Coup d’état des USA au Venezuela : et ensuite, à qui le tour ?
La Confédération paysanne condamne fermement l'intervention militaire du président Trump, réaffirme sa solidarité avec le peuple vénézuélien et exprime sa consternation suite aux propos déshonorants tenus par le président de la République française à ce sujet. Rien ne justifie une agression militaire contre un pays étranger. Rien ne saurait justifier l'enlèvement du président d'un pays étranger. Prétendre le contraire, c'est affaiblir encore un peu plus le droit international, déjà piétiné par le soutien des pays occidentaux à Israël et l'abandon de la Palestine. Quand c'est la loi du plus fort qui prévaut, les populations en paient toujours le prix fort.
La France doit reconnaître immédiatement le mandat par intérim de Delcy Rodriguez et s'opposer à toute velléité de contrôle colonial du Venezuela par les États-Unis. Laisser passer cette agression sans réagir, c'est prendre le risque mortel d'encourager les États-Unis à continuer sur leur lancée coloniale, en Colombie, au Panama, à Cuba, au Groenland, au Canada, etc. Et ensuite, à qui le tour ?
Les dix années de blocus subies par la population vénézuélienne ont eu des conséquences désastreuses pour l'économie du pays. Comme toujours, ce sont les populations qui souffrent des sanctions internationales. Dans ce contexte, les paysan·nes ont eu un rôle essentiel pour parvenir à alimenter la population du pays. Les importations de produits alimentaires, qui étaient très importantes avec la manne du pétrole ont été remplacées par un gigantesque effort de développement agricole, permettant au pays d'atteindre quasiment la souveraineté alimentaire.
Les expériences passées en Irak et en Libye montrent qu'utiliser le prétexte de renverser un gouvernement autoritaire pour justifier une ingérence militaire se fait toujours au détriment des populations des pays concernés. Les paysan·nes en particulier font face à une insécurité lancinante, aux exactions des troupes d'occupation et aux spoliations de leurs territoires et des ressources du pays par les multinationales étrangères.

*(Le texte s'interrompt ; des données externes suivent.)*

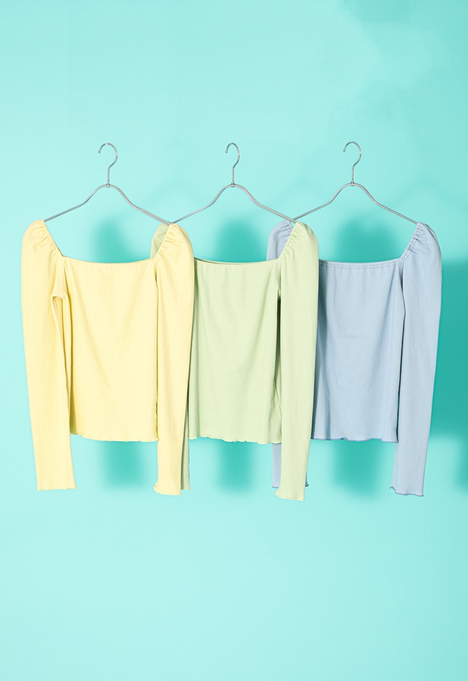 パフスリーブと裾や袖口に施したメロウ加工が程良いガーリーさを演出。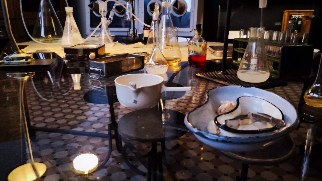 На изображении представлен фрагмент лабораторного стола исторической зоны павильона «АТОМ» на ВДНХ, снятый в период выставки-форума «Россия» 2023–2024 годов. На столе расположены различные колбы, стеклянные реакционные сосуды, металлические лотки, фарфоровые чаши, химические флаконы и элементы трубочной системы. На заднем плане виден герметичный бокс для работы с веществами. Разложенные старые газеты подчёркивают стилистику лабораторий середины XX века и связь экспозиции с ранними этапами отечественного атомного проекта. Фото подходит для научных публикаций и музейных материалов.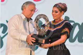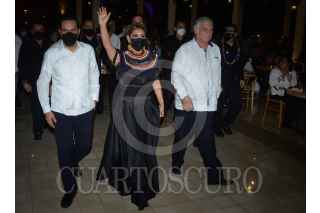 MÉRIDA, YUCATÁN, 18NOVIEMBRE2021.- Evelyn Salgado, gobernadora de Guerrero, y Miguel Torruco, secretario de Turismo, y , encabezaron el pase de estafeta del Tianguis Turístico México que para el próximo año se llevará a cabo en el estado de Guerrero. FOTO: MARIO JASSO/CUARTOSCURO.COM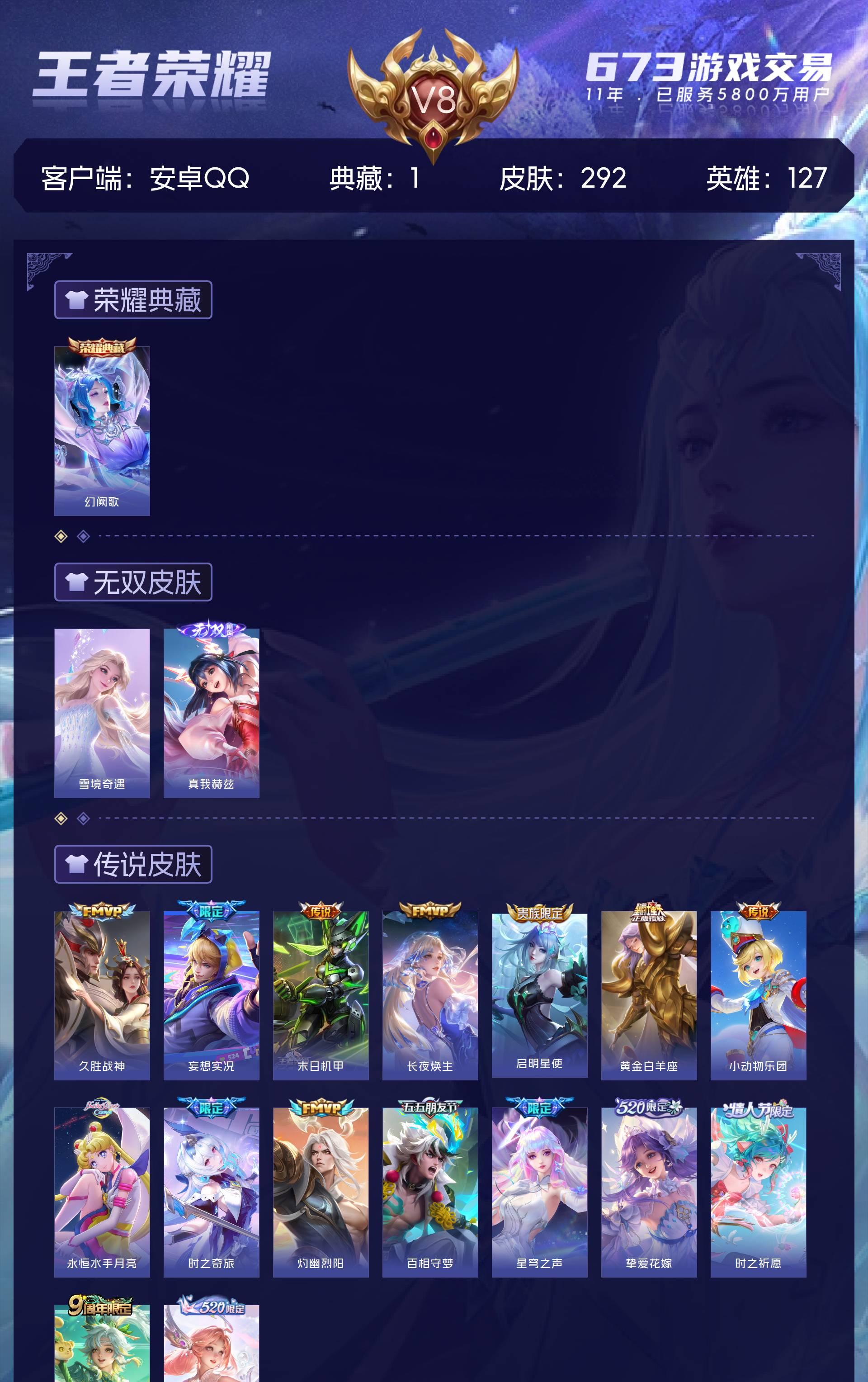 安卓QQ/最强王者/292皮肤/127英雄/1典藏/0珍品无双/2无双/0珍品传说/16传说/98史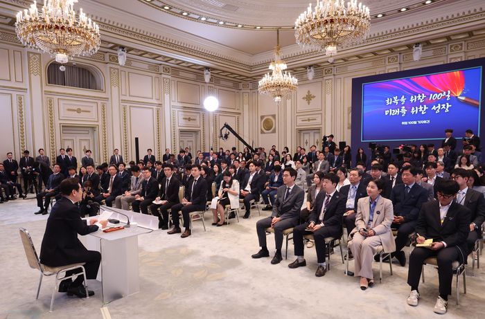 11일 이 대통령은 청와대 영빈관에서 ‘회복을 위한 100일, 미래를 위한 성장’이라는 주제로 기자회견을 진행했다. 내·외신 기자 150여명이 참석한 회견은 △더 나은 경제 △더 자주 소통 △더 큰 통합이라는 3가지 콘셉트로 꾸려졌다.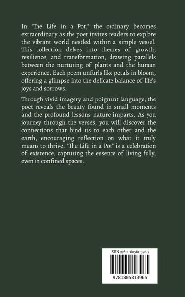 In "The Life in a Pot," the ordinary becomes extraordinary as the poet invites readers to explore the vibrant world nestled within a simple vessel. This collection delves into themes of growth, resilience, and transformation, drawing parallels between the nurturing of plants and the human experience. Each poem unfurls like petals in bloom, offering a glimpse into the delicate balance of life's joys and sorrows. Through vivid imagery and poignant language, the poet reveals the beauty found in small moments and the profound lessons nature imparts. As you journey through the verses, you will discover the connections that bind us to each other and the earth, encouraging reflection on what it truly means to thrive. "The Life in a Pot" is a celebration of existence, capturing the essence of living fully, even in confined spaces.

Nous en avons assez que la France participe ou soutienne de telles initiatives contraires au droit international. Il est temps de s'opposer frontalement aux visées impérialistes et anti-démocratiques du gouvernement américain. La soumission de notre pays aux diktats américains, en particulier ces dernières années, est devenue un déshonneur et nuit aux intérêts des Français·es et des Européen·nes. Il est temps de dire stop.
Avec la Via Campesina, le mouvement paysan mondial, nous réaffirmons notre solidarité avec les peuples d'Amérique latine et des Caraïbes, qui réclament une zone de paix, et non de guerre. Les paysan·nes et les travailleur·euses rurales d'Amérique Latine ont trop souvent fait les frais des attaques impérialistes, qui entraînent accaparements de terre, projets miniers liés aux intérêts des entreprises multinationales états-uniennes et spoliation des ressources énergétiques. Trump ne prend même pas la peine de cacher que sa principale motivation pour attaquer le Venezuela est de s'approprier les réserves en pétrole de la République bolivarienne.
Nous réaffirmons notre attachement à la paix, au dialogue politique plutôt qu'à la force, à l'autodétermination des peuples. Nous appelons à renforcer la solidarité internationaliste, en particulier en s'associant aux mobilisations contre l'agression du Venezuela et pour un changement de direction dans la politique étrangère française.